*** Data excerpts ***

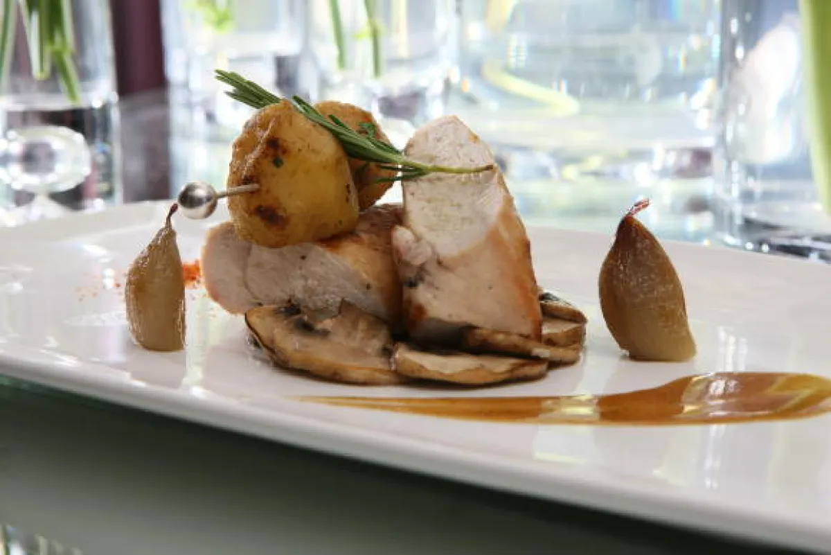 5 -طريقة التقديم: توضع المقلاة على النار، وتضاف الزبدة إليها، وتقلى فيها حبّات البطاطس المسلوقة سابقاً، وذلك على نار هادئة حتى الإحمرار، ثم تضاف حبّات البصل (الكويزات) والفطر الأبيض وتقلى، فالبصل المفروم وملعقة من زيت الثوم، والبقدونس الى حين النضوج.يرفع هذا المزيج عن النار، ويسكب في طبق التقديم العميق، وتقطّع صدور الدجاج الى 4 شرحات متساوية ومعتدلة، وتوضع على المزيج.يزيّن بإكليل الجبل، ويقدّم ساخناً.
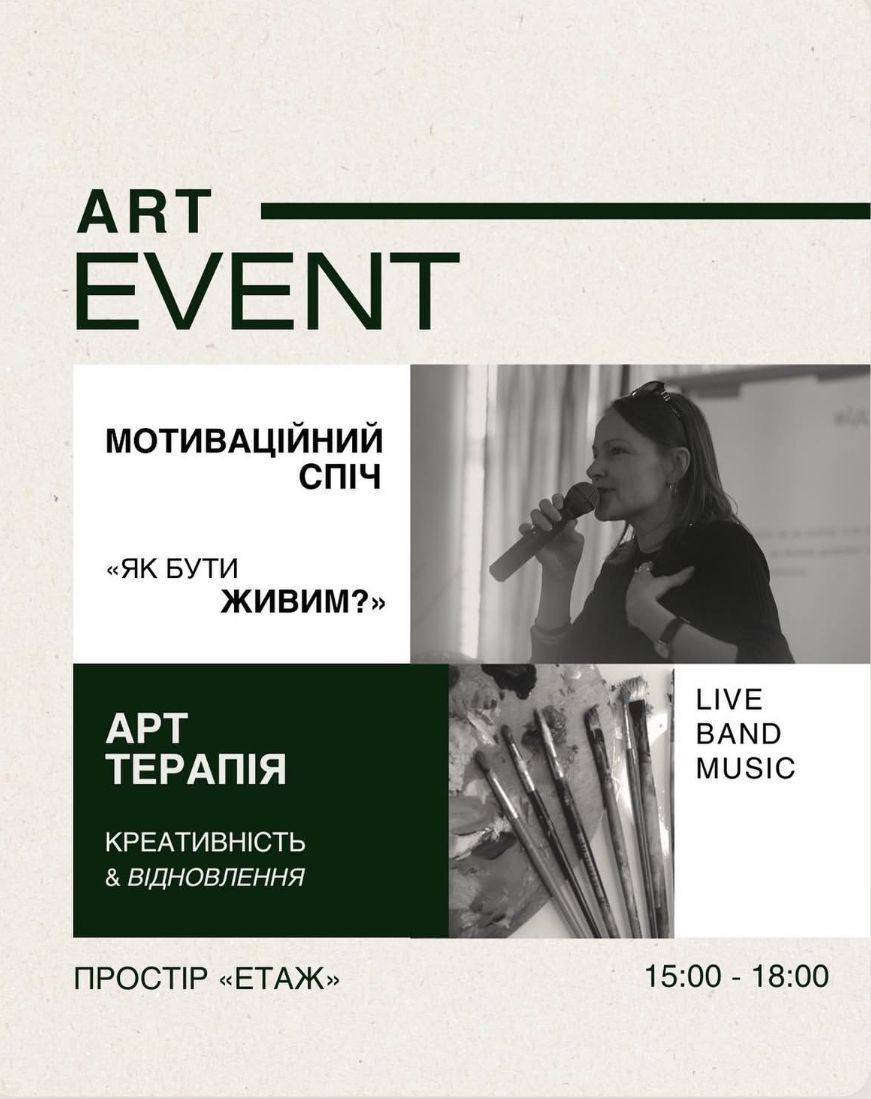 🔹15:00-18:00 – мотиваційний спіч «Як бути живим?» та арт-терапія;
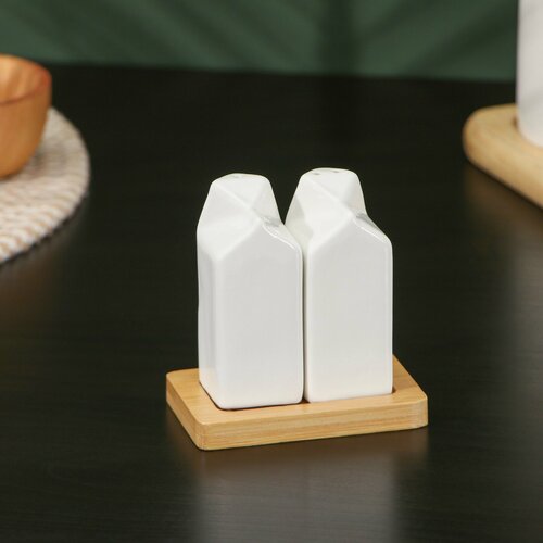 Набор фарфоровый для специй на деревянной подставке, 2 предмета: солонка, перечница
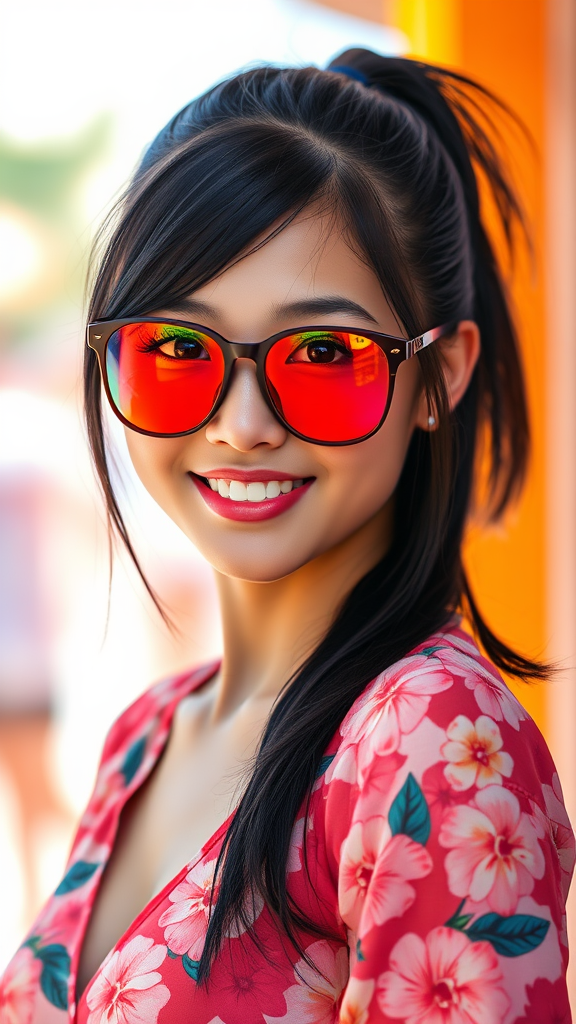 A portrait of a young Southeast Asian girl with medium-length black hair styled in a sleek ponytail, facing the viewer with a warm and friendly expression. Her highly detailed face shows influence from the styles of Greg Rutkowski and Magali Villanueve, accentuated by striking, beautiful eyes. She wears vibrant, colorful sunglasses, while her well-proportioned, toned body is elegantly dressed in a flowery blouse. Set against a bright, vividly lit background, the composition captures cinematic lighting in hyperrealistic photography with intricate details, embodying a true masterpiece. The aspect ratio emphasizes the portrait with a tall, elegant 9:16 frame.
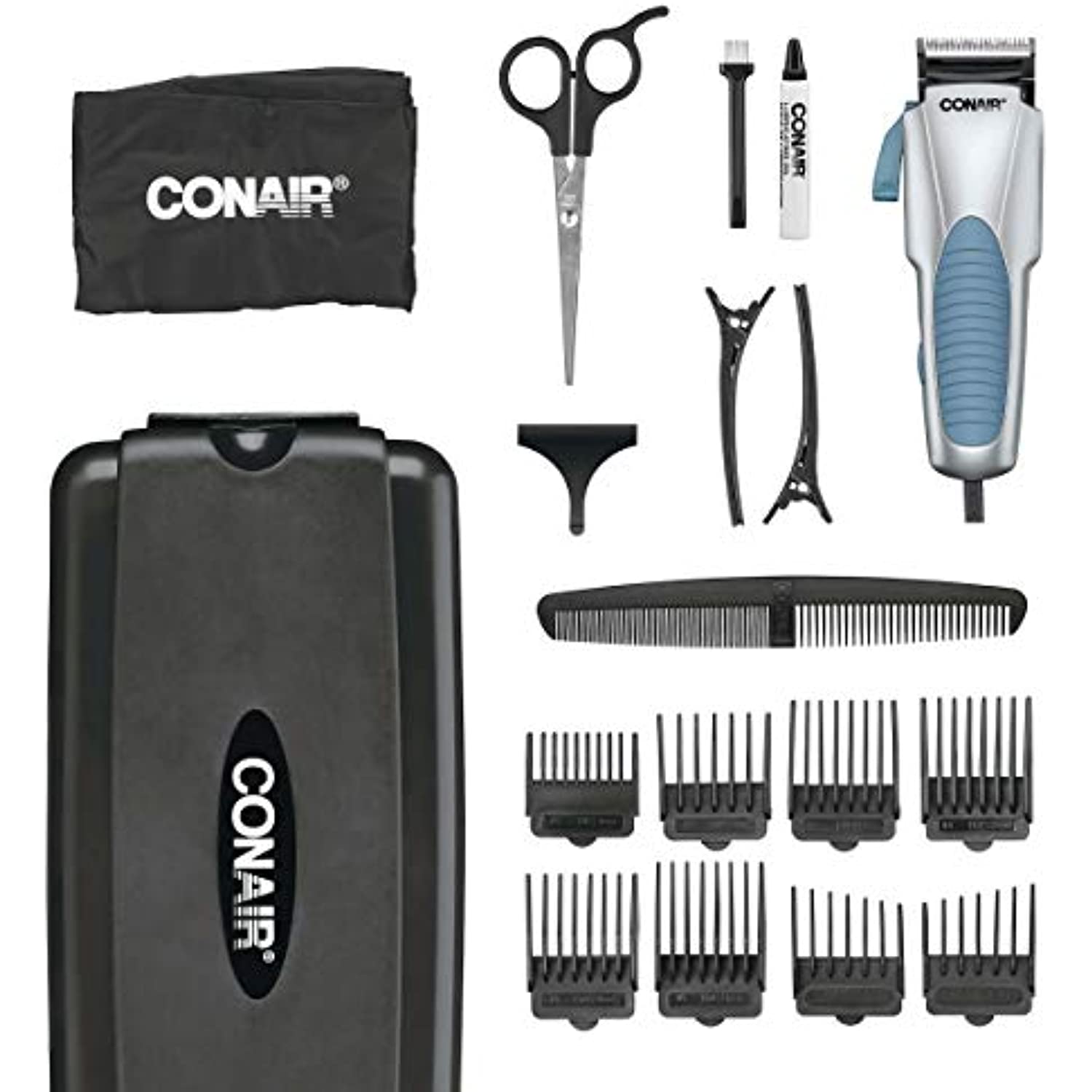Conair Custom Cut 18-Piece Haircut Kit, Stainless Steel/Blue
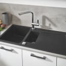 Køkkenhåndvaskene fra Grohe Kompositvaske, er fremstillet af et kvartskomposit materiale, som består af en blanding mellem granit og akryl. Dette skaber et slidstærkt materiale, med en elegant og flot glat overflade, der er let at rengøre.
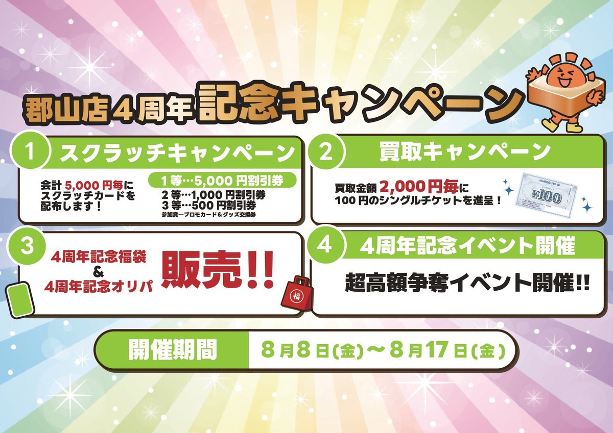 【キャンペーン情報】 🎉#晴れる屋郡山店4周年記念🎉 8/8(金)~8/17(日)の期間でキャンペーンを開催‼️ 「スクラッチ」 「買取チケット」 「福袋&記念オリパ」 「超高額争奪イベント」と目白押し👍 どのキャンペーンも目が離せませんね👀 ご来店お待ちしております🙇♂️
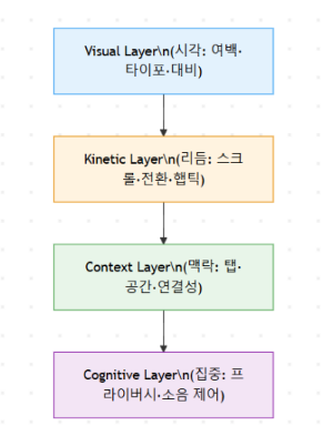 프레임률·스크롤 곡선·전환 애니메이션이 신뢰감과 피로도를 좌우한다. (저속-가속-감속의 곡선 설계가 핵심)
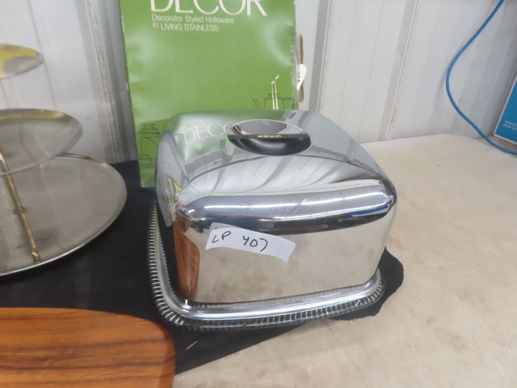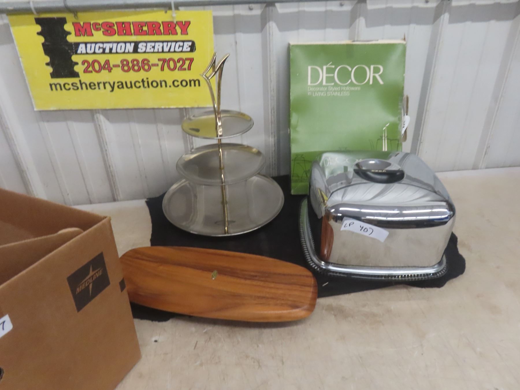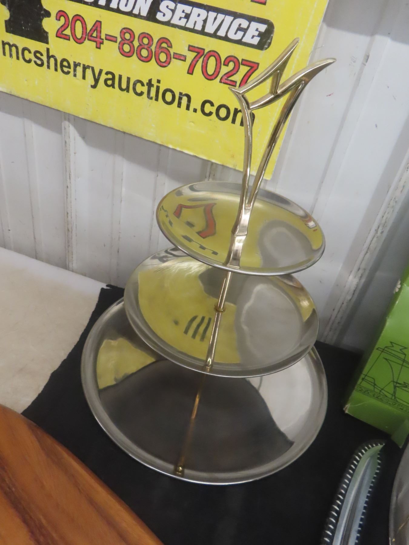 Cake Tray 12"x12" with Lid & Dainty 3 Tier Serving Tray Vintage Stainless
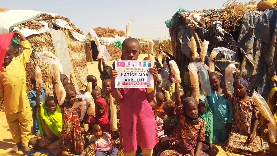 Afrika Nijeryada terör örgütlerinden kaçan çadırlarda yaşayan mültecilere ekmek dağıtımı da bulunduk
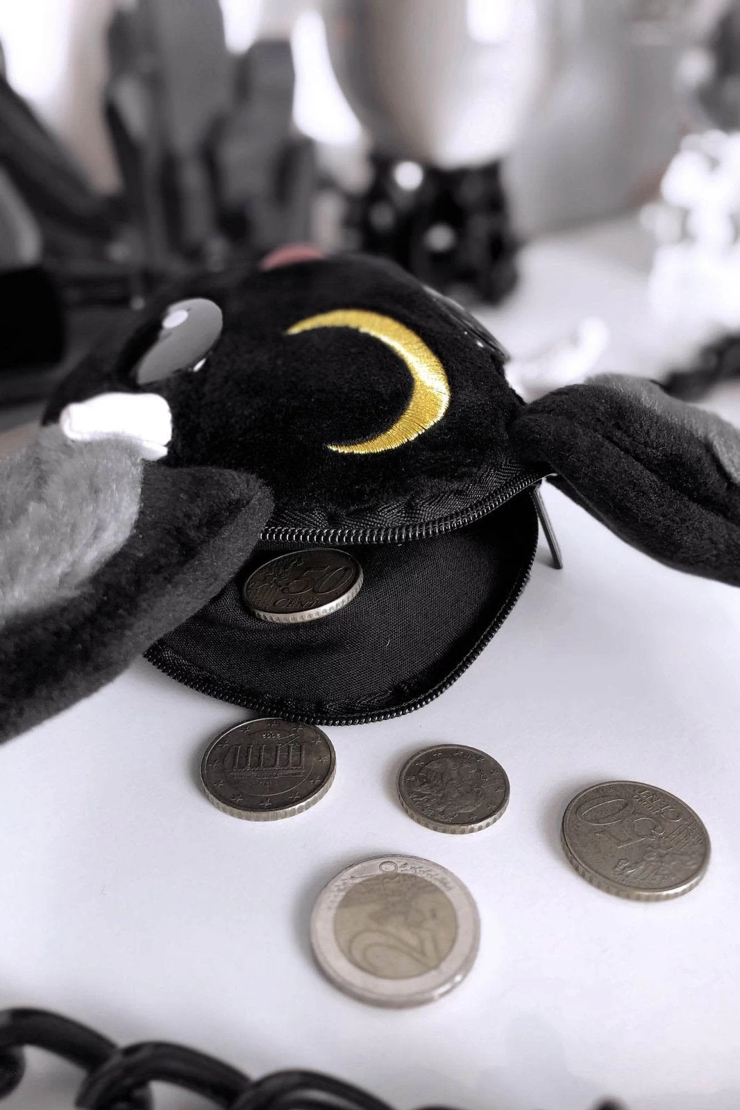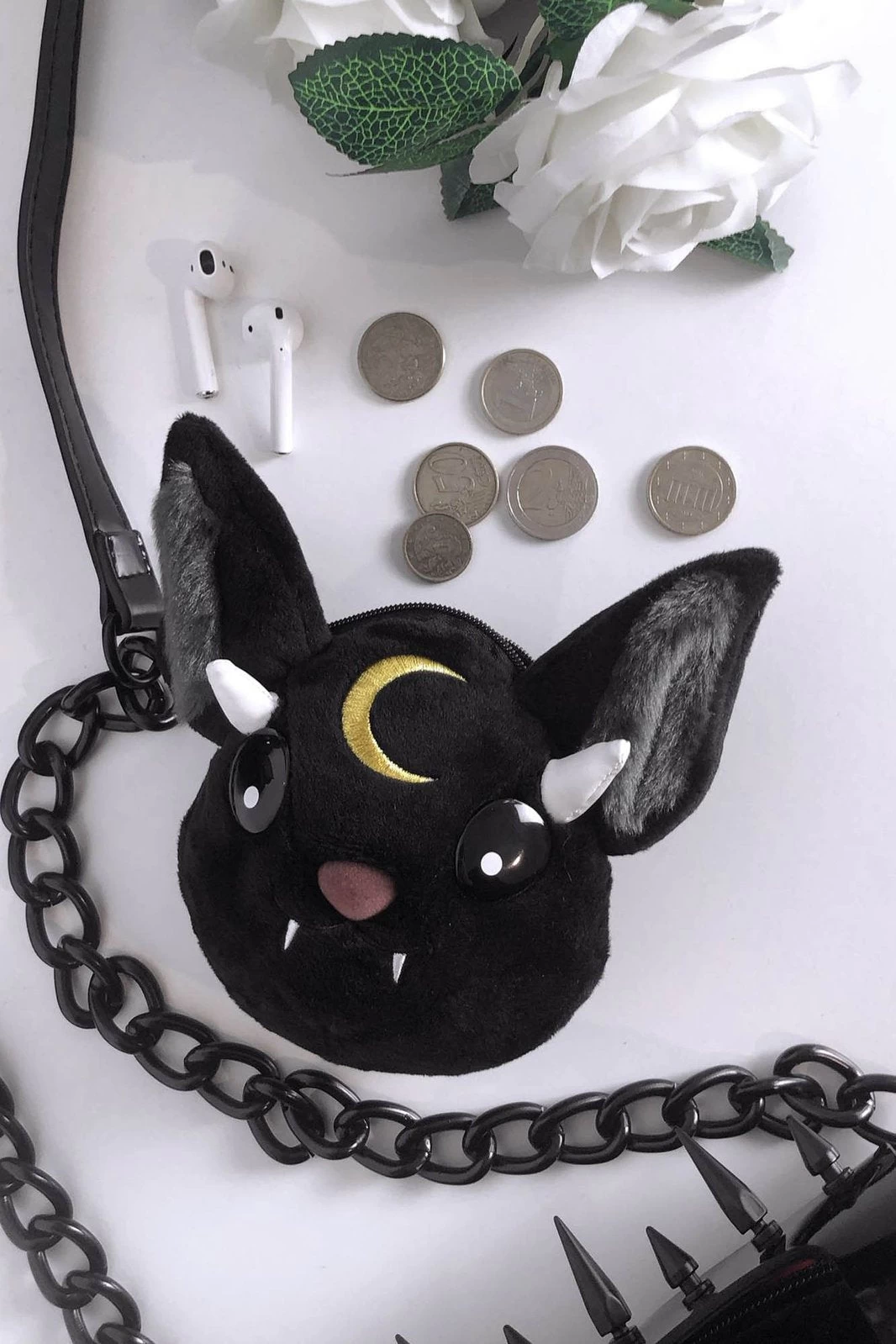 Keep yer money where ya can see it with our ‘Vampir’ coin purse; in a soft faux-fur material with adorable cartoon eyes, large 3D ears + horns, embroidered moon and zip closure. The cutest purse ever!
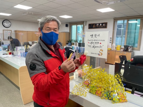 이날 봉계지역 아동센터에서 전달한 복주머니에는 사탕과 같은 주전부리와 정성스럽게 적은 행복을 기원하는 문구들로 채워져 있었다. 행복하세요, 웃으세요 등 고사리 같은 손으로 써넣은 문구와 사탕을 받은 이웃들과 봉산면사무소 직원들은 미소로 하루를 보낼 수 있었으며, 아이들의 작은 정성에서 「happy together 김천 운동」이 결코 먼 곳에 있지 않음을 다시 한번 생각할 수 있는 시간을 가질 수 있었다.

***

Only one stretch of the entries above is needed: the lines from the one containing "Набор фарфоровый для" through the one containing "Keep yer money". Copy it exactly, without the pictures.

 Набор фарфоровый для специй на деревянной подставке, 2 предмета: солонка, перечница
 A portrait of a young Southeast Asian girl with medium-length black hair styled in a sleek ponytail, facing the viewer with a warm and friendly expression. Her highly detailed face shows influence from the styles of Greg Rutkowski and Magali Villanueve, accentuated by striking, beautiful eyes. She wears vibrant, colorful sunglasses, while her well-proportioned, toned body is elegantly dressed in a flowery blouse. Set against a bright, vividly lit background, the composition captures cinematic lighting in hyperrealistic photography with intricate details, embodying a true masterpiece. The aspect ratio emphasizes the portrait with a tall, elegant 9:16 frame.
Conair Custom Cut 18-Piece Haircut Kit, Stainless Steel/Blue
 Køkkenhåndvaskene fra Grohe Kompositvaske, er fremstillet af et kvartskomposit materiale, som består af en blanding mellem granit og akryl. Dette skaber et slidstærkt materiale, med en elegant og flot glat overflade, der er let at rengøre.
 【キャンペーン情報】 🎉#晴れる屋郡山店4周年記念🎉 8/8(金)~8/17(日)の期間でキャンペーンを開催‼️ 「スクラッチ」 「買取チケット」 「福袋&記念オリパ」 「超高額争奪イベント」と目白押し👍 どのキャンペーンも目が離せませんね👀 ご来店お待ちしております🙇♂️
 프레임률·스크롤 곡선·전환 애니메이션이 신뢰감과 피로도를 좌우한다. (저속-가속-감속의 곡선 설계가 핵심)
 Cake Tray 12"x12" with Lid & Dainty 3 Tier Serving Tray Vintage Stainless
 Afrika Nijeryada terör örgütlerinden kaçan çadırlarda yaşayan mültecilere ekmek dağıtımı da bulunduk
 Keep yer money where ya can see it with our ‘Vampir’ coin purse; in a soft faux-fur material with adorable cartoon eyes, large 3D ears + horns, embroidered moon and zip closure. The cutest purse ever!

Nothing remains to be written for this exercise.